Por José Aluísio Botelho

(transcrito na grafia original)

No arraial hoje cidade de Paracatú, província de Minas-Geraes, nasceu Francisco de Mello Franco a 7 de setembro de 1757.
No seminario de S. Joaquim no Rio de Janeiro fez elle estudos até a edade de quinze annos, revelando intelligencia potente, e travesso talento: saiu d'alli forte latinista, e com outros conhecimentos incompletos de humanidades, sendo além disso apreciador de jovens poetas, e jovem cultor de musa traquinas; foi para a universidade de Coimbra, matriculou-se nas faculdades de medicina e de philosophia, e tendo facil, prodigiosa comprehensão, era estudante distincto nas aulas, e tinha sobra de horas para dedicar-se a poesia, preferindo as eróticas e as satyricas composições animado por célebres companhias de acadêmicos daquelle tempo.
Entre seus trabalho poéticos, em máxima parte perdidos avultou o poema – Reino da Estupidez – louvado e applaudido por muitos dos lentes, e por todos os condiscípulos; mas aborrecido e condemnado por não poucos, que se repularam (talvez com razão) objeto da satyra do estudante poeta.
Acudiu o tribunal do Santo Officio às queixas do resentimento e do ódio, e vendo offensas a moral e a religião nas poesias do jovem brazileiro, sobre elle poz suas garras, e arrastou-o para seus carceres medonhos, onde feroz o reteve por quatro annos!…
Aqui resplende bella e digna acção depois correspondida por outra não menos digna e bella.
O jovem Mello Franco amava e era amado, e a senhora objeto de seus extremos alias pouco dissimulados, generosa assoberbou as ameaças e os furores do Santo Officio, não quiz depor contra seu amado, e gemeu reclusa por espaço de um anno nos carceres do tribunal sacrílego: Mello Franco apenas recobrou a liberdade, correu a encontral-a, e deu-lhe a mão de esposo.

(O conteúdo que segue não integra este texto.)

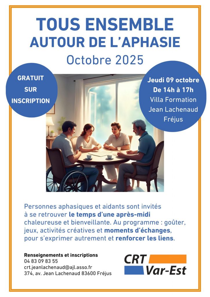 L’antenne des aphasiques du Var-Est portée par le CRT Jean Lachenaud propose désormais des cafés / rencontres tous les 2e jeudis du mois.
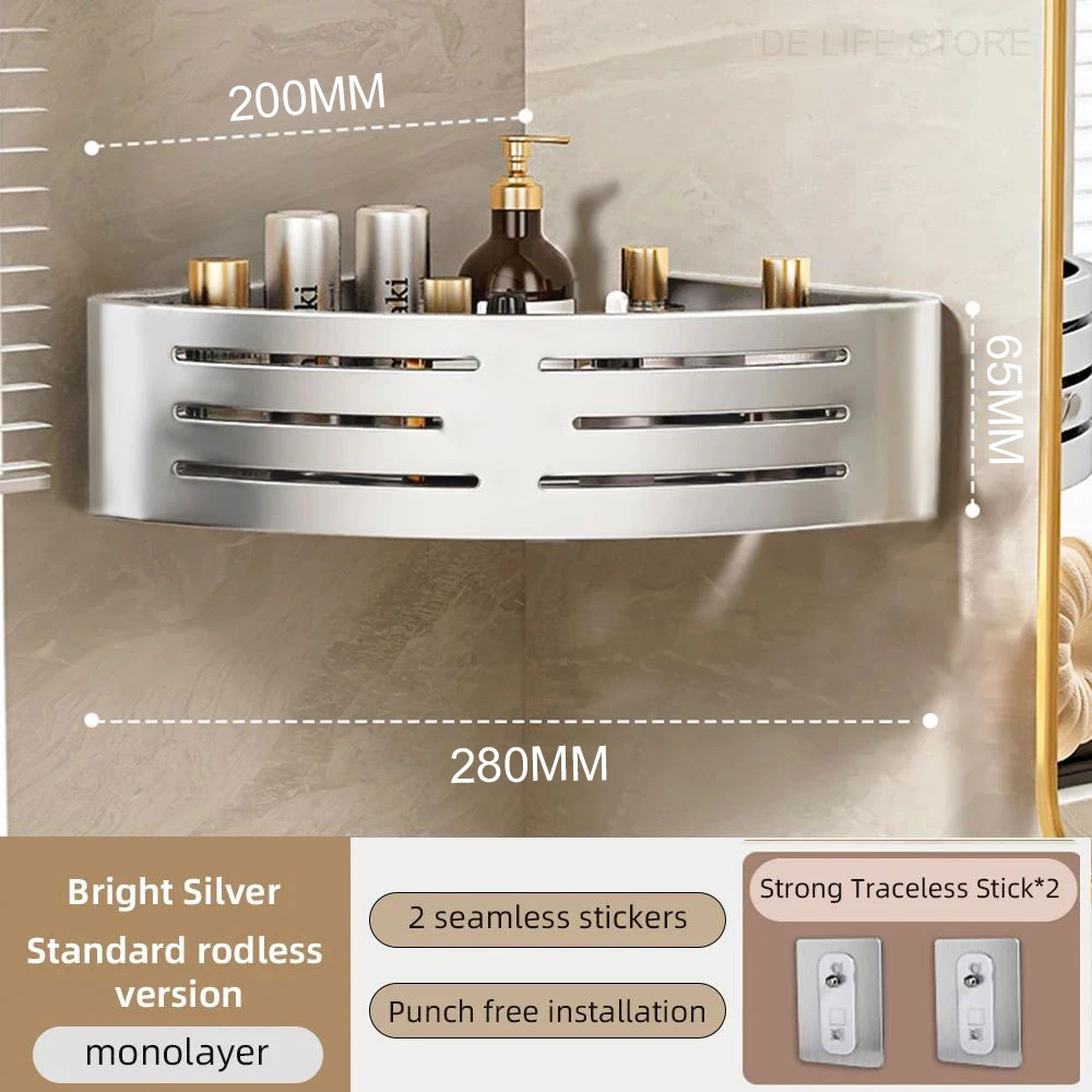 With enhanced load-bearing capacity, our shelf features thicker materials and utilizes strong, traceless adhesive. You can confidently press your shampoo bottles onto the shelf without worrying about them falling off.

Continuando a estudar, tomou o gráo de doutor em medicina, estabeleceu-se em Lisboa, adquiriu extensa clínica, e grande reputação, ganhou a amizade de elevadas personagens, escreveu trabalhos e obras de sciencia médica, foi membro e chegou a ser vice-presidente da academia de sciencias de Lisboa, que frequentava assíduo; e feliz e mais que abastado vivia, quando as águias de Napoleão invadiram Portugal em 1807.
O dr. Francisco de Mello Franco já era grande notabilidade: em 1799 tinha sido um dos fundadores da academia de geographia e o príncipe d. João o tinha nomeado médico honorário da sua câmara; mas ou a lembrança de quatro annos de abandono cruel, em que ficára impunemente a provar os furores da Inquisição, ou suas ideias liberaes que o faziam desestimar o systema de governo de Portugal, ou algum outro sentimento que não explicou, levou-o à deixar-se ficar em Lisboa, parecendo indifferente a invasão estrangeira.

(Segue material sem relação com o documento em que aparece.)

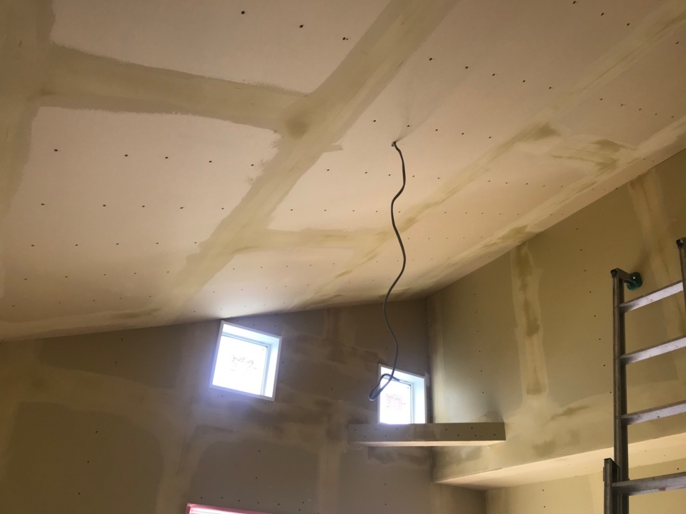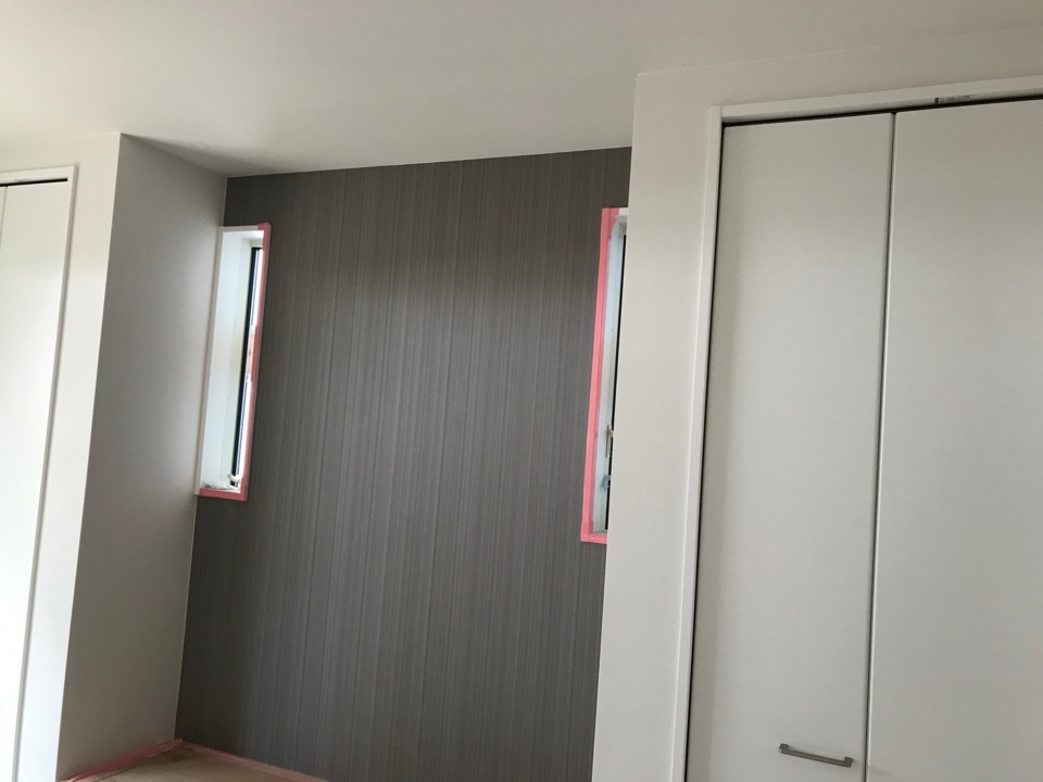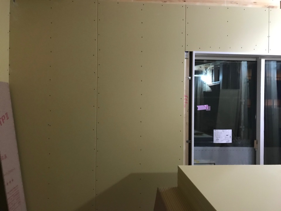 壁紙を貼る前に下地処理をします。石膏ボードの繋ぎ目の部分にパテを埋めて、ペーパーをかけ段差ができないように平らにします。
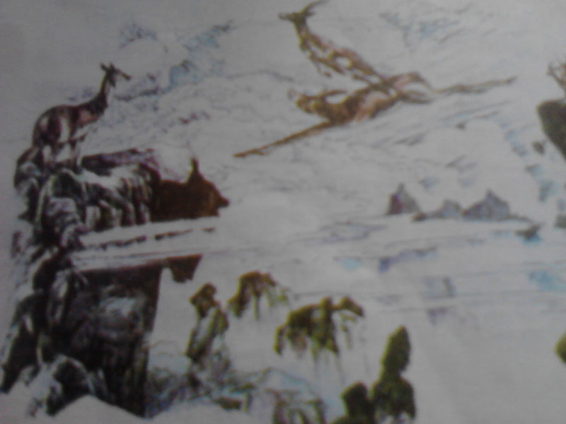 瞧,那一幕幕扣人心弦的场景,那一次次的坠入悬涯,那一个个成功飞渡的羚羊,都无疑是令人震憾的。一切都结束了,一切都沉寂了,只留下那一头斑羚在那,它是谁?它就是镰刀头羊,它甘愿微笑走向彩虹,也不愿成为猎人的盘中餐。

Era patriota dedicado, enthusiasta, e conhecido fóra da universidade de Coimbra por intrépido e audaz: seus amigos os brazileiros José Bonifacio, o bispo d'Elvas, e Luiz Paulino Pinto de França debalde o chamaram, e deram-lhe o exemplo heroico e esplêndido contra as hostes invasoras: o dr. Mello Franco não se moveu, ficou impassível em Lisboa a curar seus doentes.
Muitos o julgaram egoísta.
A invasão foi repulsada e vencida, o meteóro Napoleão apagou-se me Waterloo: Mello Franco soube tudo isso em Lisboa sem indiciar enthusiasmo e jubilo patriótico era como coração morto: só vivia pelo espírito para a sciencia.

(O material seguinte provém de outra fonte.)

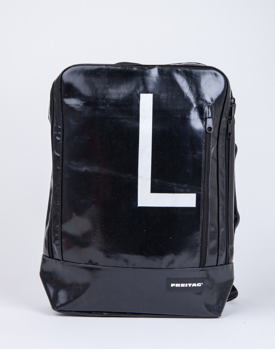 FREITAG F306 Hazzard - sac à dos suisse coupé et cousu à la main à partir de bâches de camion et de ceintures de sécurité usagées.
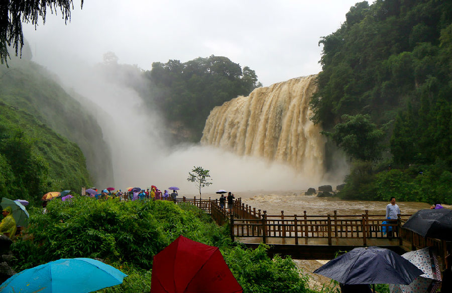 9月16日夜间到18日凌晨,黄果树持续降温降雨,迎来了真正气象意义上的秋天。大瀑布水量上涨,气势壮观,18日早晨流量达到了190立方米每秒,接近今年夏季最大水量的一半,创造了近十年来黄果树瀑布同期的最大水量值。
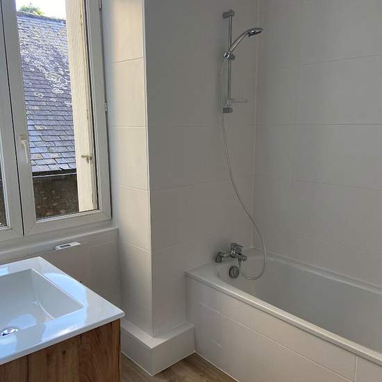 Appartement T4 rénové comprenant une pièce de vie avec coin cuisine équipé et aménagé (hotte, plaque de cuisson, four), trois chambres, placard, une salle de bain, deux WC. Loyer : 760 CC Charges par mois provisions : 50 dépôt de garantie : 710 honos : 562.32 ttc dont edl : 207 surf hab : 69.40 m².

Mas em 1817 carta escripta pelo próprio d. João VI rei de Portugal, Brazil, e Algarves, o convidou a dirigir-se à Itália para reunir-se às pessoas que deviam acompanhar para o Brazil a archiduqueza d'Austria d. Maria Leopoldina, noiva do príncipe real d. Pedro.
O dr. Mello Franco obedeceu, e chegado ao Rio de Janeiro serviu dedicadamente à família real, como médico da câmara, e teve na cidade clinica mais exigente e rendosa, do que tivéra em Lisboa.
E todavia ainda no seio da patria o dr. F. De Mello Franco indifferente à marcha dos negócios do Estado era apenas medico abalisado e exclusivamente entregue aos cuidados de sua clinica.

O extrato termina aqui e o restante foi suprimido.